Según el Instituto Distrital de Protección y Bienestar Animal (Idpyba), en 2019 el número de adopciones cerraba en 1.147 en todo el año. En el año pandémico, 2020, la cifra escaló hasta 1.800. y con relación al último registro del 2021, la cifra llegó a 2.121.

Con una nueva realidad que busca reacondicionar las nuevas prácticas sociales, entre esas la vuelta a la presencialidad en el ámbito laboral, es indispensable pensar en la salud mental y emocional de las mascotas que han estado acostumbradas a estar acompañadas todo el día.

Entre las medidas para preparar en esta nueva etapa a las mascotas, el Dr.
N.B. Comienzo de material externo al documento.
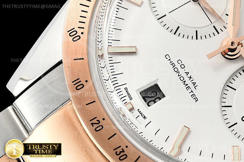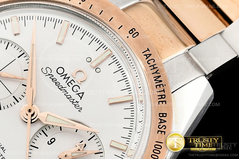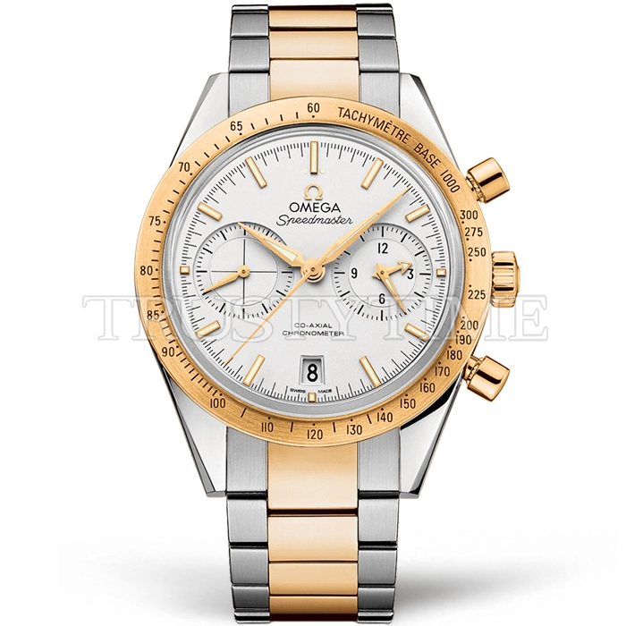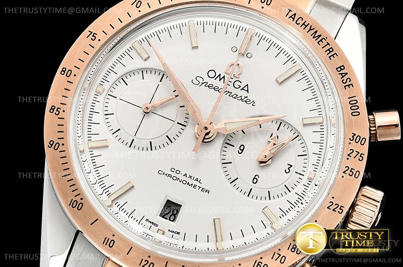 Часы Omega из коллекции SpeedMaster. Спортивные мужские часы Omega Speedmaster Speedmaster 57 Co-Axial Chronograph 41.5mm 331.20.42.51.02.001 премиального качества (Артикул магазина: OM-0734) оснащены надежным автоматическим механизмом с автоподзаводом (работает от амплитуды движения руки) калибра 9300, в котором реализованы следующие функции: часовая, минутная и секундная стрелки, а так же хронограф, дата. Круглый корпус часов комбинированного сталь с розового золота цвета, имеющий размер 41.5 мм и высоту 18.5 мм превосходно дополнит образ и украсит запястье своего обладателя. Для изготовления часов Omega Speedmaster Speedmaster 57 Co-Axial Chronograph 41.5mm 331.20.42.51.02.001 предлагаемых в нашем интернет-магазине, применяются нержавеющая сталь 316F высокого качества (Швейцарский стандарт), а так же сапфировое стекло высокой прочности, благодаря чему обеспечивается максимальная защита от сколов и механических повреждений. Отличительной чертой данной модели является белый циферблат, часовые индексы которого обеспечивают часовые метки. Завершает образ браслет из нержавеющей стали комбинированного сталь с розовым золотом цвета с фирменной раскладывающейся застежкой Omega. Водонепроницаемость данной модели составляет 30М (WR30) – допускается минимальное воздействие с водой.

Douglas Kratt, presidente de la Asociación Médica Veterinaria Estadounidense, en diálogo con CNN Español, recomienda que se inicien periodos de prueba dejando a las mascotas durante dos o tres horas todos los días. Así no tomarán de sorpresa la ausencia extendida similar al horario laboral.

Acostumbrar a las mascotas a comportamientos más independientes van centrados en mayor medida a los perros, ya que los gatos son reconocidos por tener practicas aisladas y autónomas con relación al dueño, a diferencia de los perros.
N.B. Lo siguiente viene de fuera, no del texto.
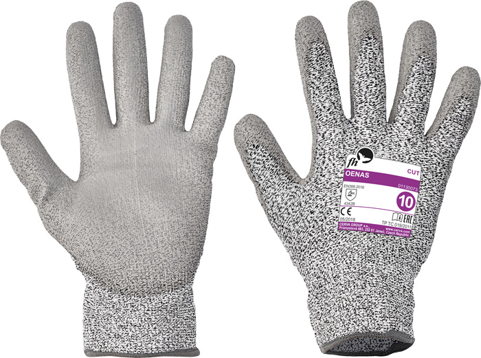 Pletené bezešvé rukavice s obsahem vlákna DYNEEMA a nylonu s vysokou odolností proti prořezu ostřím, s vrstvou šedého PU v dlani a na prstech.

Sin embargo, según afirma la página web de adiestramiento canino, red canina, todos los perros pueden mostrar ansiedad cuando se encuentran solos, ya que son animales gregarios y les gusta mantenerse cerca de los miembros de su manada. Por esta razón la demanda de atención se hace más notoria con relación a estos animales. A su vez, la edad y hábitos que tenga el animal dependen de la edad y de las dinámicas de incentivos por parte del dueño.

Se estima que las principales prácticas deben ser implementadas con un entrenamiento progresivo, que aumente la rapidez de adaptación en las dinámicas actitudinales. Entre esas están:

1. Separarse durante unas horas de la mascota, aún estando en casa, ayuda a contribuir al entrenamiento progresivo y hace de la estadía solitaria del perro una práctica regular. Claramente, el animal buscará la manera de estar más cerca al dueño, por eso se debe implementar una orden que le indique al perro que no debe entrar en la habitación que se supone que se sitúa el dueño.

2. Durante el entrenamiento, es necesario que se entreguen incentivos para modelar la actitud comportamental del perro en manera de refuerzo positivo. Esto, servirá para que él comprenda que es una modificación únicamente en las prácticas y, de cierta manera, mostrará que no es ninguna medida punitiva.

3. No saludar al perro con la misma excitación que él saluda al dueño. Lo mejor es que sea ignorado durante los primeros quince minutos de llegada, para que el perro no ladre ni muestre ansiedad en casa. Al cabo de ese tiempo, se debe recompensar su comportamiento tranquilo con algún incentivo (galletas, juguetes) para continuar con la práctica.